'''

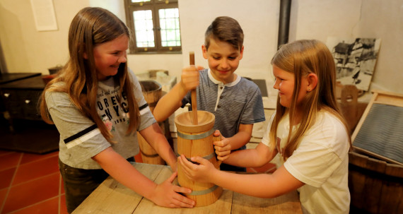 Wie hier beim Buttermachen können Kinder- und Erwachsenengruppen bei den verschiedenen Führungen im Volkskundemuseum selbst aktiv werden.
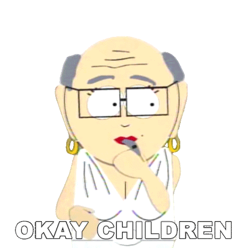 Herbert Garrison from South Park, holding a microphone, says 'Okay Children' with a stern expression.
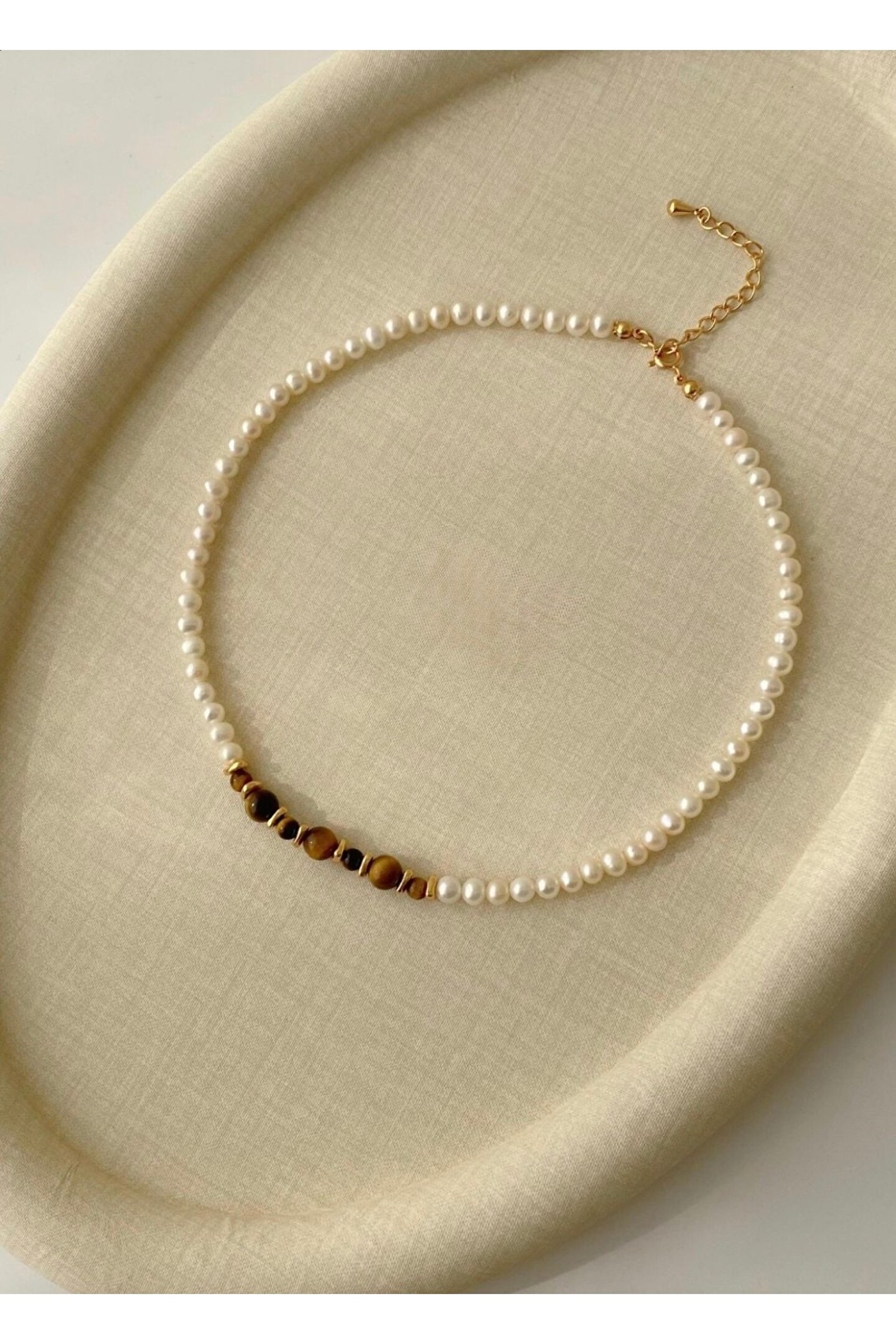 Sertifikalı inci ve kaplan gözü taşından tasarım kolye;Kolye uzunluğu 40 cm + 5-6 cm uzatma zinciri;Kullanılan taş boyutu: 4 mm inci ve 6 ve 4 mm kaplan gözü;

'''

__Exercise description__.
Copy every line of the data exactly as written, excluding the pictures.

__Finished exercise__.
 Wie hier beim Buttermachen können Kinder- und Erwachsenengruppen bei den verschiedenen Führungen im Volkskundemuseum selbst aktiv werden.
 Herbert Garrison from South Park, holding a microphone, says 'Okay Children' with a stern expression.
 Sertifikalı inci ve kaplan gözü taşından tasarım kolye;Kolye uzunluğu 40 cm + 5-6 cm uzatma zinciri;Kullanılan taş boyutu: 4 mm inci ve 6 ve 4 mm kaplan gözü;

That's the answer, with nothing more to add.